PROBLEM DESCRIPTION | A faithful copy of the listing below is needed, one that contains no pictures.
··· DATA SECTION
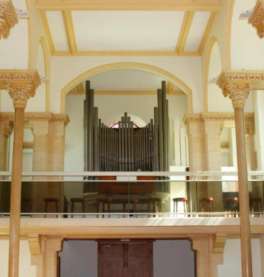 E6It is possible that the organ is built by Puget (about 1910), but there are very few things know. It is likely that the transformations including the façade are done by Beuchet-Debierre (Picaud, 1959). In 1972, the organ was changed by Jean Jonet and his successor Jean-Claude Alcouffe. The organ was dismantled and reassembled in 2017 by Yves Fossaert, because of the restoration of the chapel.This organ probably had a mechanical Bourdon 16 ' (pedal), probably in the rear. When it was reassembled in Paris, the pedal was made pneumatical, and then electrified by Jonnet. In 2017, Yves Fossaert restored the wind chests and made new mechanics for the pedal by removing all electrical additions. Curiously, the Bourdon 8 ' of the GO is in its first octave a 8 ' wooden open flute. Thanks to the organ builder Yves Fossaert for this information.
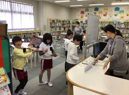 2年生は、図書室で、司書の先生に図書室のルールや本の仲間分けについて学びました。
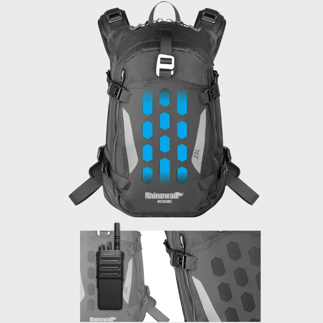23 litros de capacidad, diseño impermeable y comodidad asegurada con sistema de hidratación incluido.
······
ANSWER FOR THE TASK |
 E6It is possible that the organ is built by Puget (about 1910), but there are very few things know. It is likely that the transformations including the façade are done by Beuchet-Debierre (Picaud, 1959). In 1972, the organ was changed by Jean Jonet and his successor Jean-Claude Alcouffe. The organ was dismantled and reassembled in 2017 by Yves Fossaert, because of the restoration of the chapel.This organ probably had a mechanical Bourdon 16 ' (pedal), probably in the rear. When it was reassembled in Paris, the pedal was made pneumatical, and then electrified by Jonnet. In 2017, Yves Fossaert restored the wind chests and made new mechanics for the pedal by removing all electrical additions. Curiously, the Bourdon 8 ' of the GO is in its first octave a 8 ' wooden open flute. Thanks to the organ builder Yves Fossaert for this information.
 2年生は、図書室で、司書の先生に図書室のルールや本の仲間分けについて学びました。
23 litros de capacidad, diseño impermeable y comodidad asegurada con sistema de hidratación incluido.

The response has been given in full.